Data to process:
**********
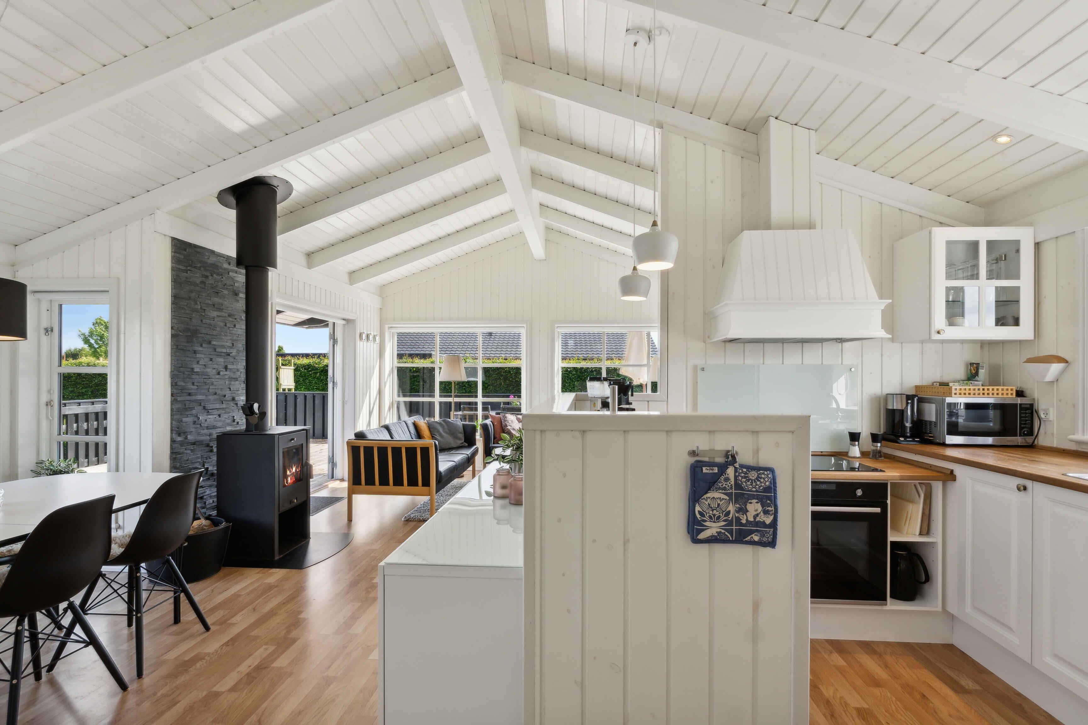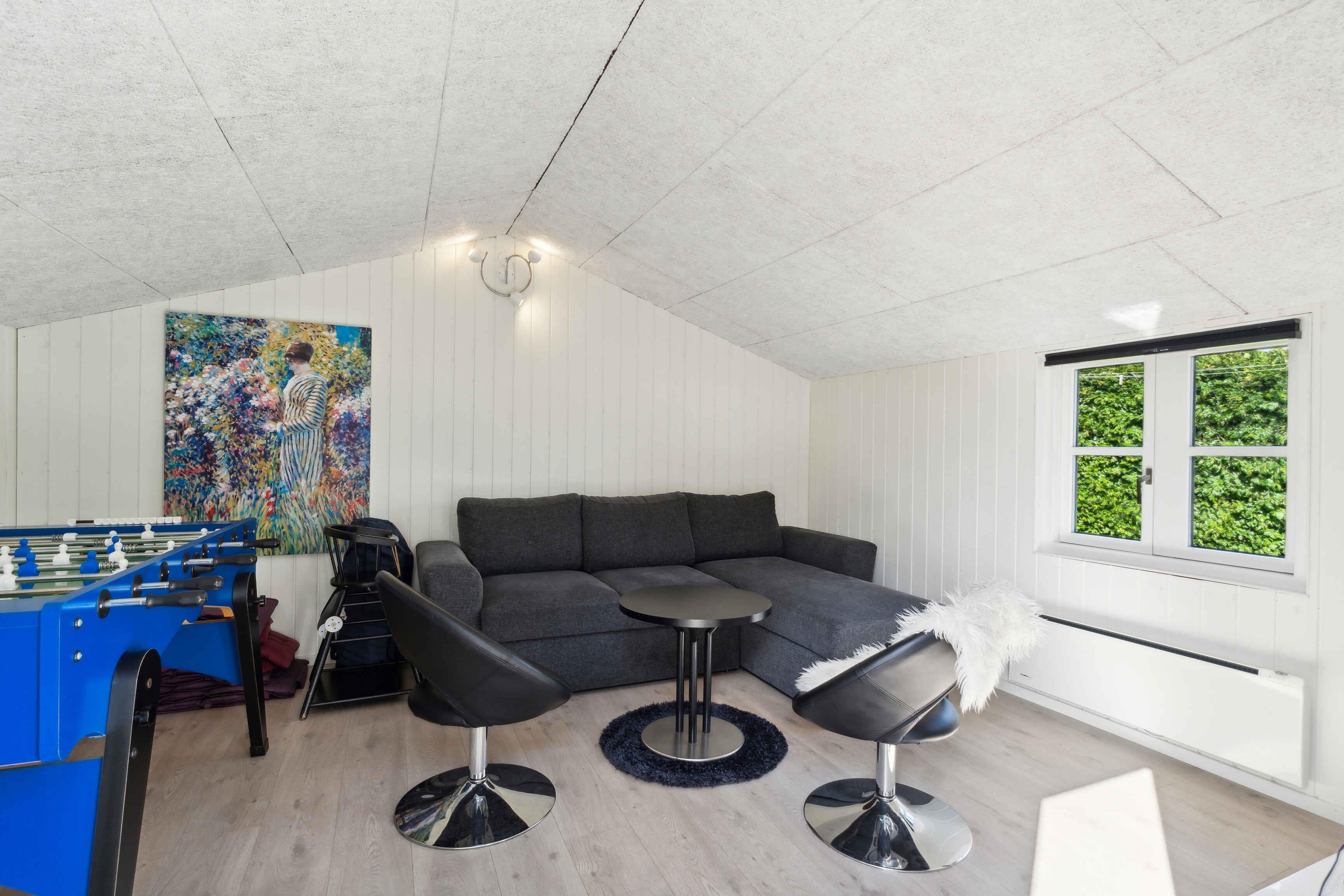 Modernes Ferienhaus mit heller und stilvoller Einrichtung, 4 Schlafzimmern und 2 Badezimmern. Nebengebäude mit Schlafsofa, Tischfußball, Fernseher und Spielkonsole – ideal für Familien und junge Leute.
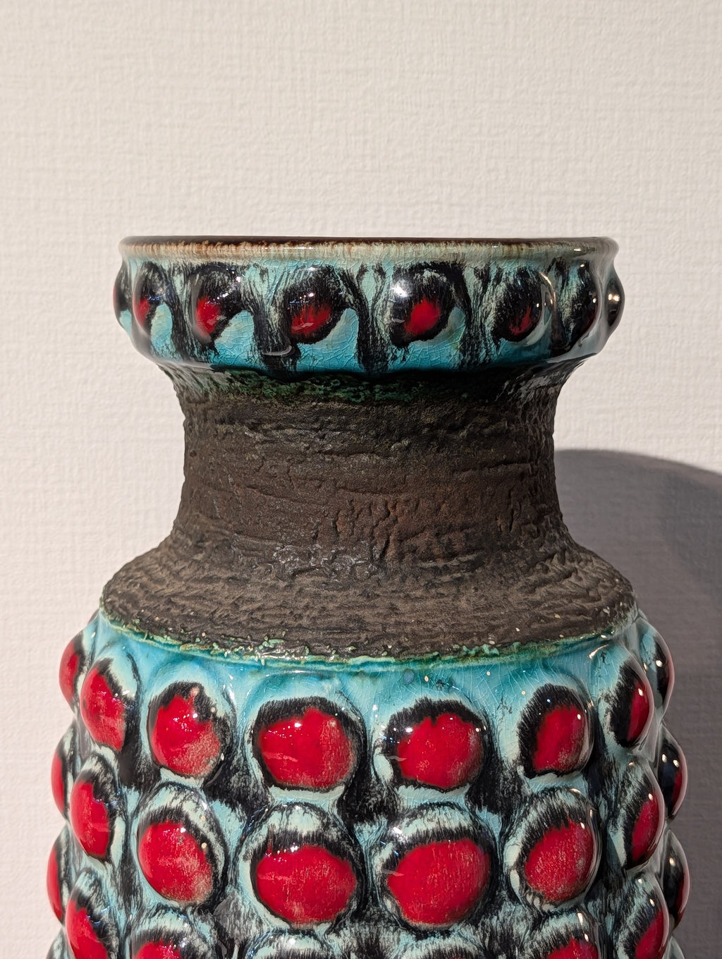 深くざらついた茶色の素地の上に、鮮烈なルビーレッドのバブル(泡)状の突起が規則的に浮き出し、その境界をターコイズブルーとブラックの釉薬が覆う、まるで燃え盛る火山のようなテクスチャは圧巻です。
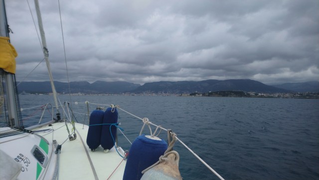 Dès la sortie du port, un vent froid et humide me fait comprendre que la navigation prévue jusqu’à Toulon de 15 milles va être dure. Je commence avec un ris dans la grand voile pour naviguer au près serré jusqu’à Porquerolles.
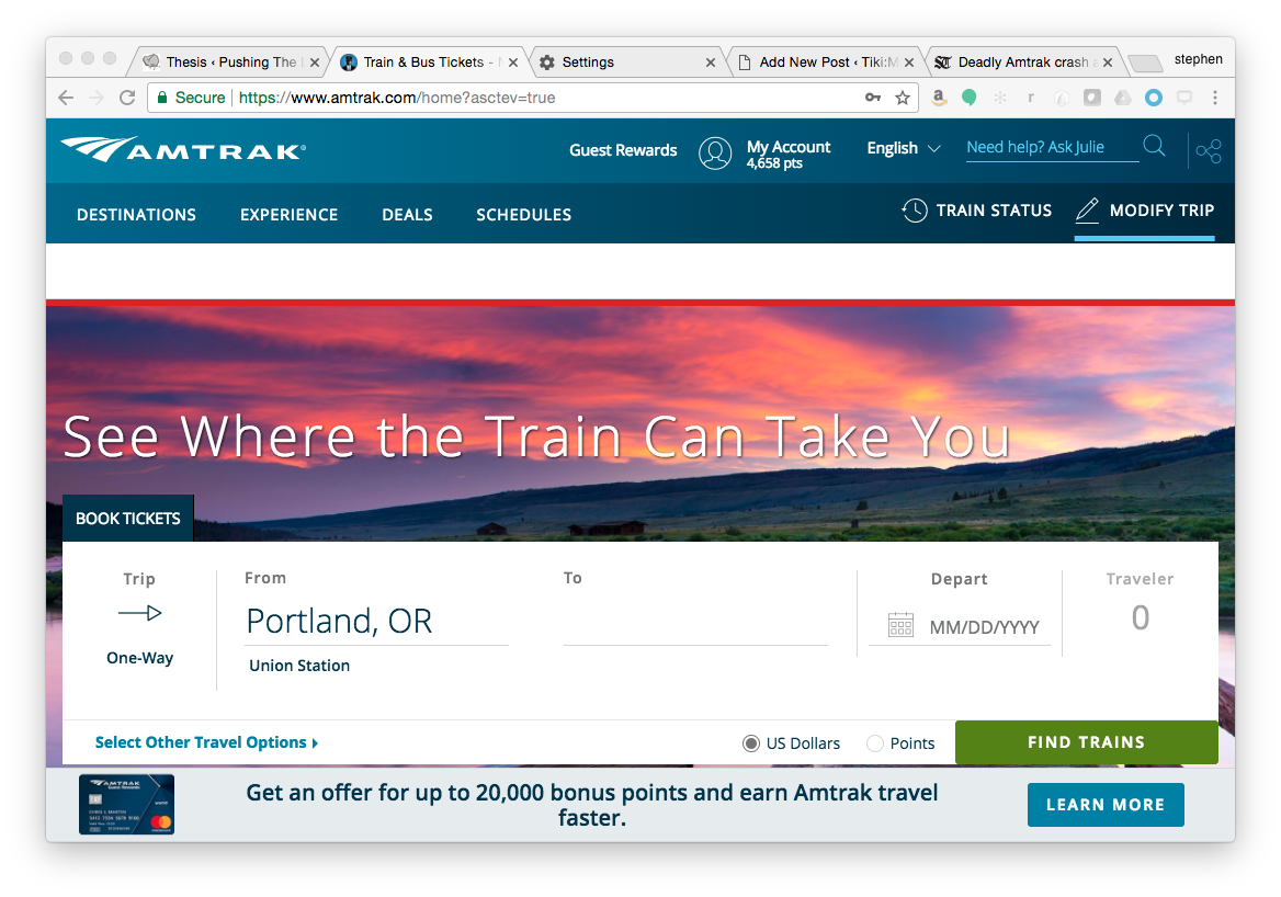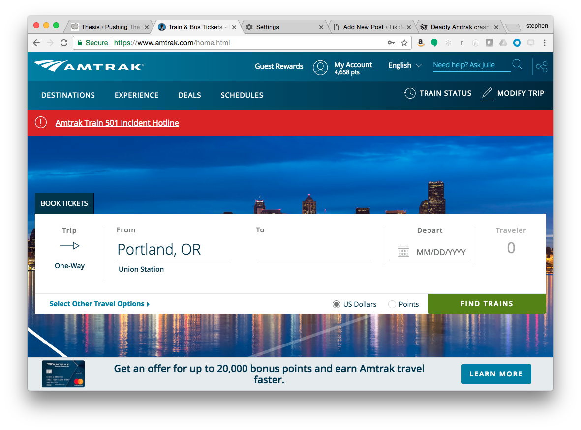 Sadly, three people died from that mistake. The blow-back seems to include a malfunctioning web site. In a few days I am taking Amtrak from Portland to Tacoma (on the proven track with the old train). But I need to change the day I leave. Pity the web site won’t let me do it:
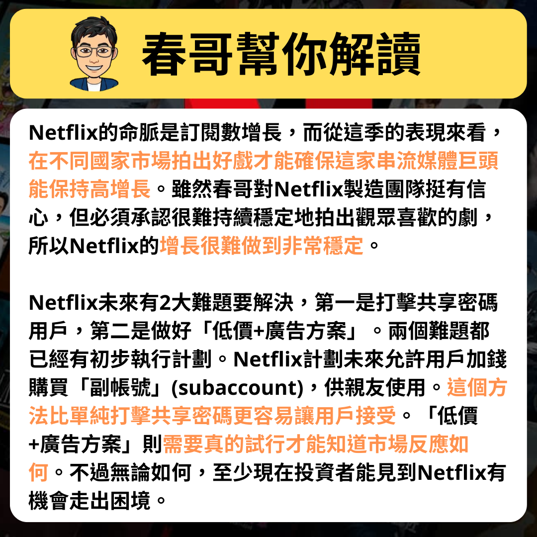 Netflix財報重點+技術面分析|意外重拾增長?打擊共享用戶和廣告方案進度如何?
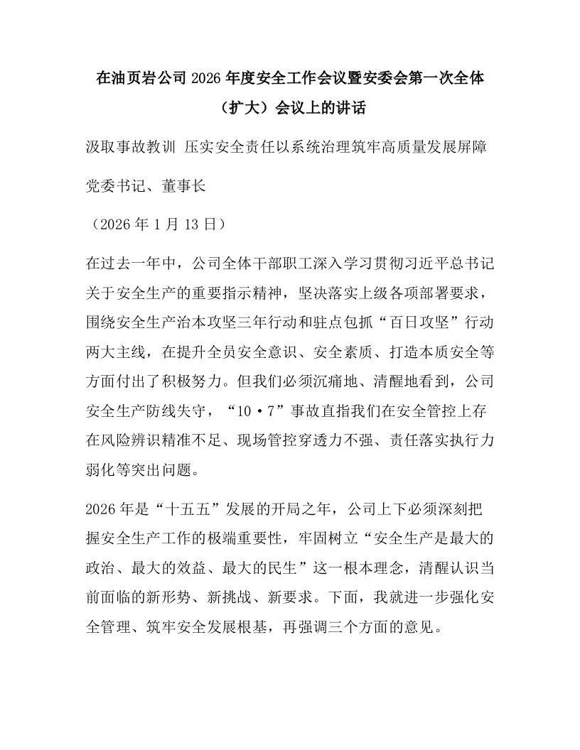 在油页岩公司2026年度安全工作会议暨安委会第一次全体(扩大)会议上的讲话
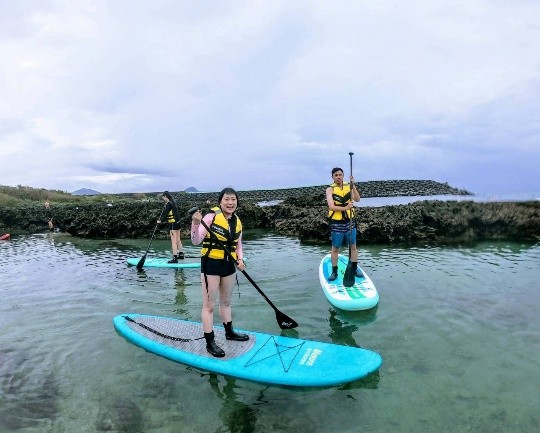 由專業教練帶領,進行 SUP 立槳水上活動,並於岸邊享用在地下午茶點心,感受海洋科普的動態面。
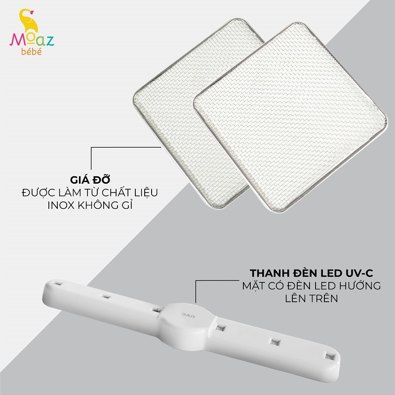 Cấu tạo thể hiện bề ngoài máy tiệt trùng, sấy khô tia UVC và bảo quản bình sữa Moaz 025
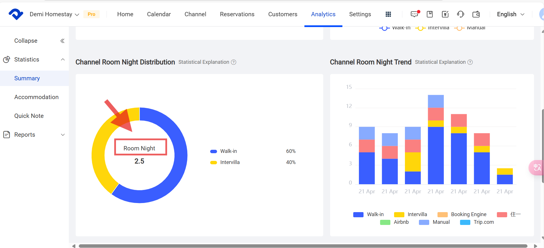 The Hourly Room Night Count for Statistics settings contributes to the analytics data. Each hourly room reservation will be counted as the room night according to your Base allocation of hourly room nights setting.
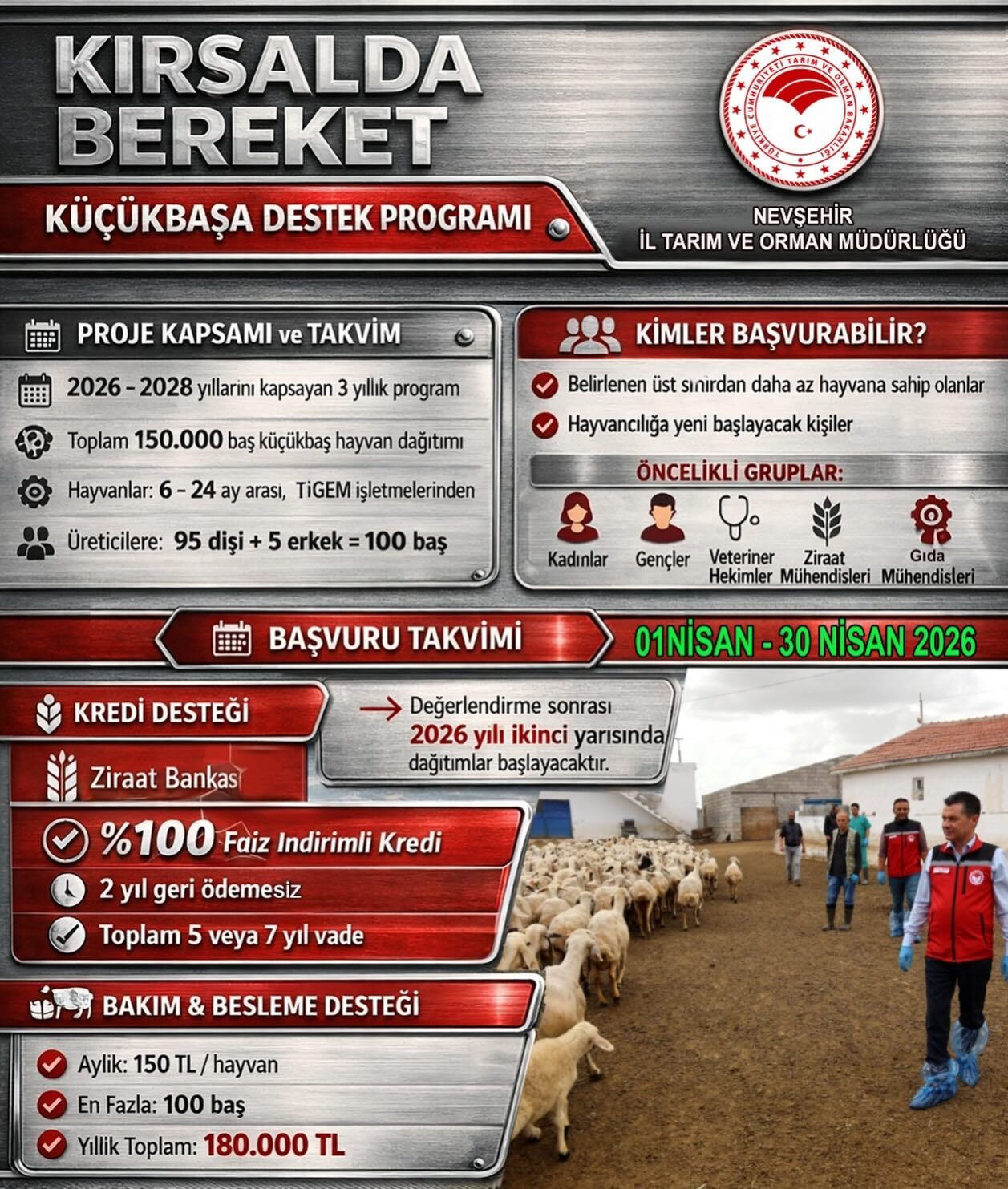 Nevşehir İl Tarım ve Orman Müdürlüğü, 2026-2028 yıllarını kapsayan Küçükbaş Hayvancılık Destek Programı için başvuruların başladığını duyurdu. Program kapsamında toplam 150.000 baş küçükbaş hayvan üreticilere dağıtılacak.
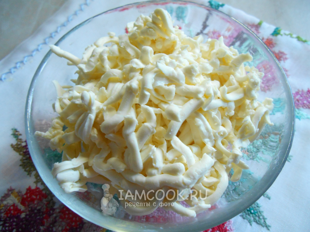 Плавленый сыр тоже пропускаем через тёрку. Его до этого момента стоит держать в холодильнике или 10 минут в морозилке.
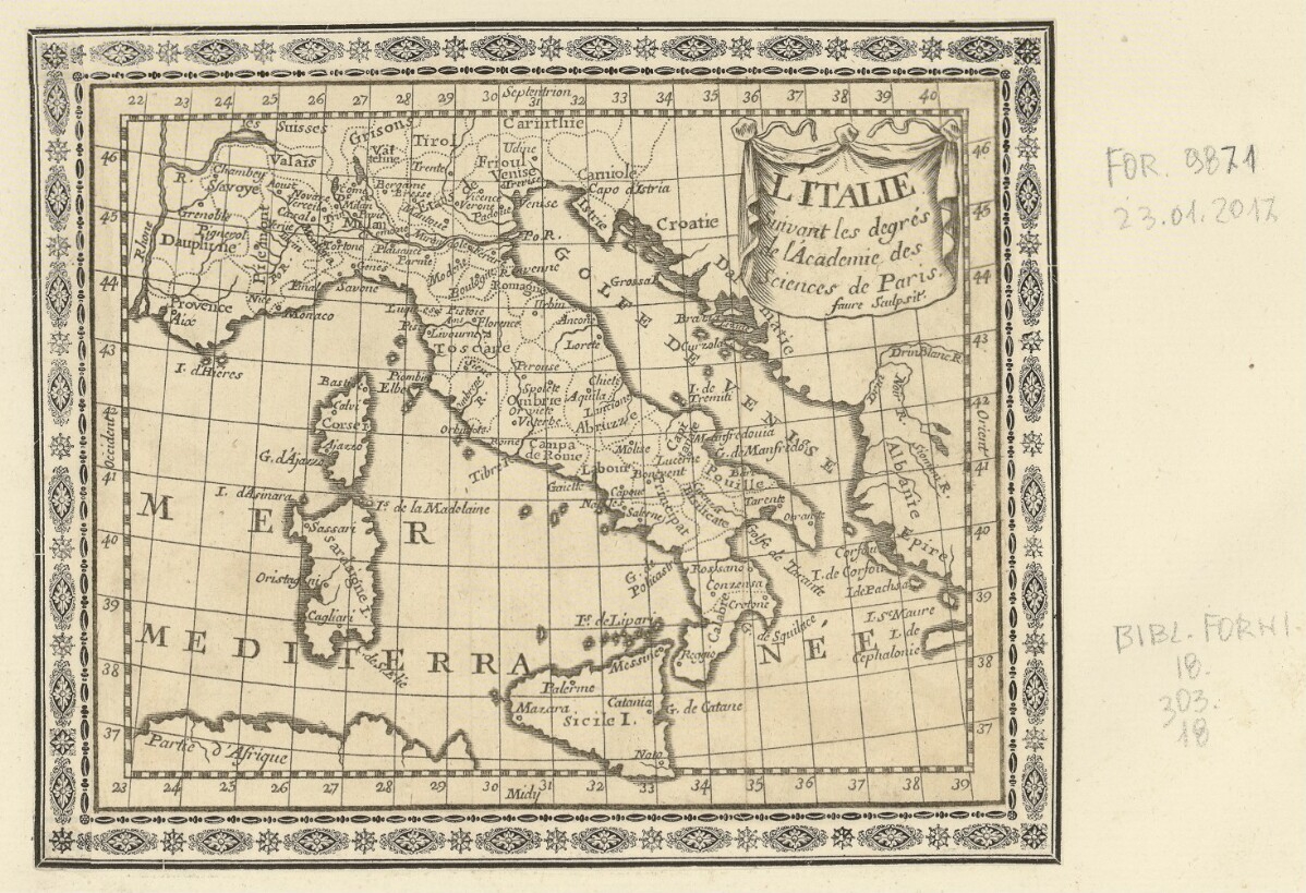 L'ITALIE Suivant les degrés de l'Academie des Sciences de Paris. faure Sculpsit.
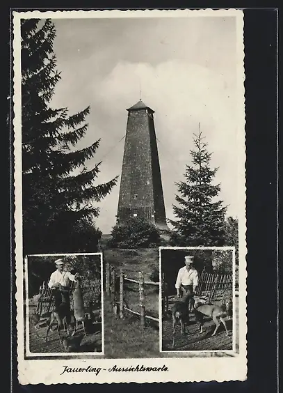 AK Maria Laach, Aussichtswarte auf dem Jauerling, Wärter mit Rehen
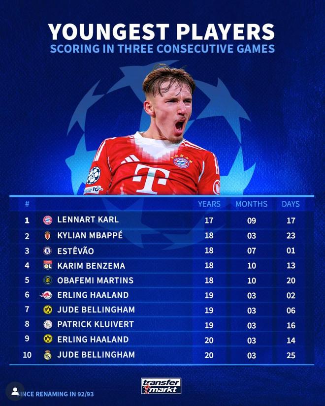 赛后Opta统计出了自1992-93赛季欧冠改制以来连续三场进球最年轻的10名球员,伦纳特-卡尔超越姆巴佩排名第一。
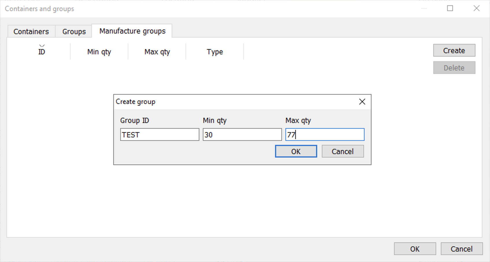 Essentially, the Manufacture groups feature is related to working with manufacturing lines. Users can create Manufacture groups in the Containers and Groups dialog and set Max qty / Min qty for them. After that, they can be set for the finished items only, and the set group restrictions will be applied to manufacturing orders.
**********
Problem: Copy exactly, leaving out pictures, the lines from the line containing "由專業教練帶領,進行 SUP 立槳水上活動,並於岸邊享用在地下午茶點心,感受海洋科普的動態面。" through the last line of the records.

Solution to the problem:
 由專業教練帶領,進行 SUP 立槳水上活動,並於岸邊享用在地下午茶點心,感受海洋科普的動態面。
 Cấu tạo thể hiện bề ngoài máy tiệt trùng, sấy khô tia UVC và bảo quản bình sữa Moaz 025
 The Hourly Room Night Count for Statistics settings contributes to the analytics data. Each hourly room reservation will be counted as the room night according to your Base allocation of hourly room nights setting.
 Nevşehir İl Tarım ve Orman Müdürlüğü, 2026-2028 yıllarını kapsayan Küçükbaş Hayvancılık Destek Programı için başvuruların başladığını duyurdu. Program kapsamında toplam 150.000 baş küçükbaş hayvan üreticilere dağıtılacak.
 Плавленый сыр тоже пропускаем через тёрку. Его до этого момента стоит держать в холодильнике или 10 минут в морозилке.
 L'ITALIE Suivant les degrés de l'Academie des Sciences de Paris. faure Sculpsit.
 AK Maria Laach, Aussichtswarte auf dem Jauerling, Wärter mit Rehen
 赛后Opta统计出了自1992-93赛季欧冠改制以来连续三场进球最年轻的10名球员,伦纳特-卡尔超越姆巴佩排名第一。
 Essentially, the Manufacture groups feature is related to working with manufacturing lines. Users can create Manufacture groups in the Containers and Groups dialog and set Max qty / Min qty for them. After that, they can be set for the finished items only, and the set group restrictions will be applied to manufacturing orders.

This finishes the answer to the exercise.